Among the other results of the U.S. visit of Khrushchev & Co.: SUMMIT CONFERENCE: “The conversations have, so far as I am personally concerned, removed many of the objections that I have heretofore held,” said President Eisenhower in reply to a press conference question about a summit meeting. The President’s point: with the Berlin deadline withdrawn, he was ready to go to the summit if and when U.S. allies agree.

DISARMAMENT: “Each stage of disarmament,” said Khrushchev in his departing Washington press conference, should be “accompanied by the development of inspection and control.” The West, accustomed to Russian doubletalk on disarmament and thoroughly unimpressed by Khrushchev’s big U.N. propaganda pitch, took a hard look at this statement, got ready to find out, when the nuclear-test-ban talks resume next month in Geneva, if the Russians will take a more realistic position on inspection.

INCREASED U.S.-U.S.S.R. TRADE: The Administration and Congress may relax some restrictions against U.S. trade with Russia, said Under Secretary of State C. Douglas Dillon, if Khrushchev follows through on his promise to reopen negotiations on the unpaid lend-lease debt, shows good faith by some reasonable payment on an obligation that the U.S. has already written down from $2.6 billion to $800 million. Moscow also published a fact that U.S. sources politely kept off the record for a week: Khrushchev asked industriailsts and financiers at a Washington dinner for loans to finance Soviet purchases in the U.S.
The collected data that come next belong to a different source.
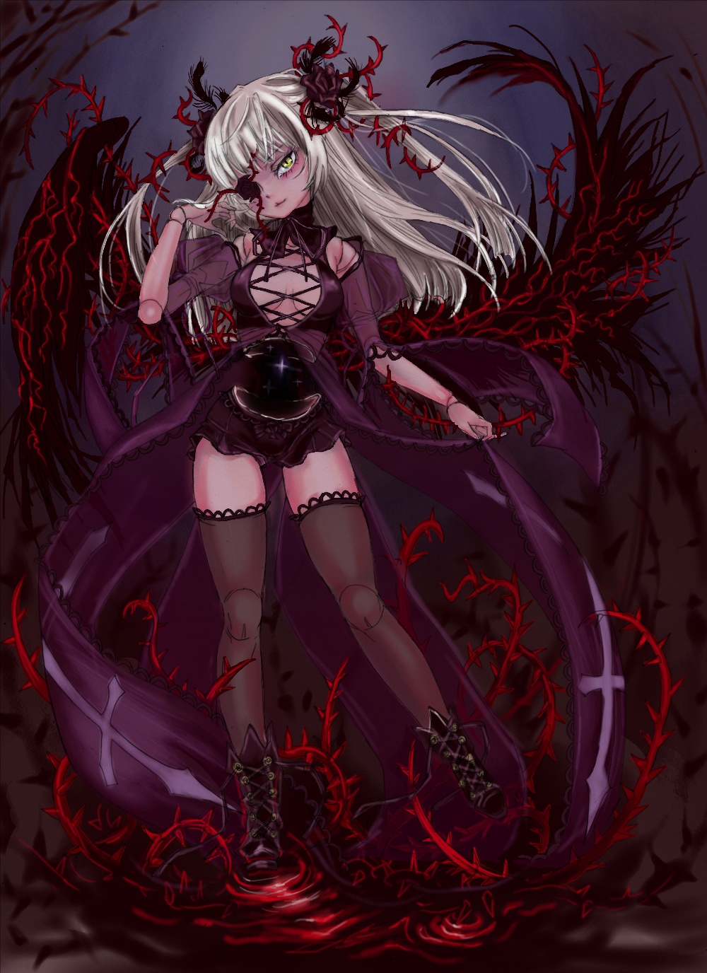 1girlbootsbreastscosplaydoll jointseyepatchfemale focusflowerfusionjointslong hairmedium breastsrosesee-through clothessolosuigintou (cosplay)thighhighsthornswhite hairyellow eyeszettai ryouiki
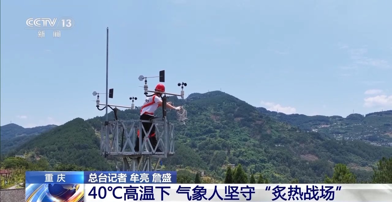 连日来,重庆持续发布高温红色预警,气温突破40℃。精准及时的预警,离不开海量可靠的气象观测数据。7月18日上午,重庆开州区城郊山顶的一处气象监测站数据出现中断,设备维护员们火速赶往现场,进行检修。
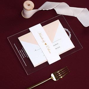 Elegant blush gold acrylic wedding invite, foil belly band
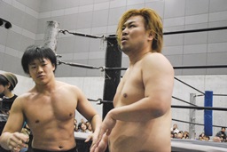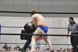 SEIKIみちのくドライバー狙う、遠藤背後に着地してジャーマン(左写真)、HANZOがカット。

ATOMIC ENERGY FOR PEACEFUL USE: In Vienna, where Atomic Energy Chairman John McCone went to attend a meeting of the International Atomic Energy Agency, word leaked out that McCone and his Russian counterpart, Vasily S. Emelyanov, will trade inspection trips of their respective atomic energy labs and installations. A member of the Khrushchev party, Emelyanov told McCone that the development of atoms for peaceful use must be a joint program, “because it is just too expensive for one country alone.”
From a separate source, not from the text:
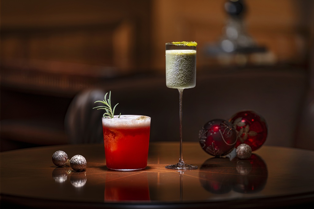 バー「ベイ・ウエスト」では、クリスマス気分を盛り上げる期間限定カクテル「Noël Pistachio Hopper」と「Strawberry Christmas Fizz」の2種類を販売中。
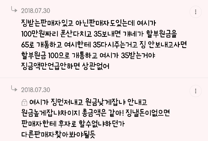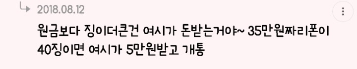 할부니까 당장은 돈 안들지? 라고 생각할수있는데 거래내역을 남겨야되서 징 금액만큼 입금하라고 한 다음에 개통 후 다시 돌려주는 방식임

In attempting to add up the credits—and the debits—of the Khrushchev trip, no one could arrive at a flat sum. The West has many times before received promises from Communism and seen them broken without the blinking of an eye. This time, if the Soviet leader really meant what he said, it appeared that at least some few forward steps had been taken toward creating a peaceful atmosphere. But if, on the other hand, all the talk was just more Communist bunkum, then in terms of world hopes raised and dashed, the Khrushchev trip could only be a fiasco. In either case, it was certainly not yet time for the free world to relax its guard.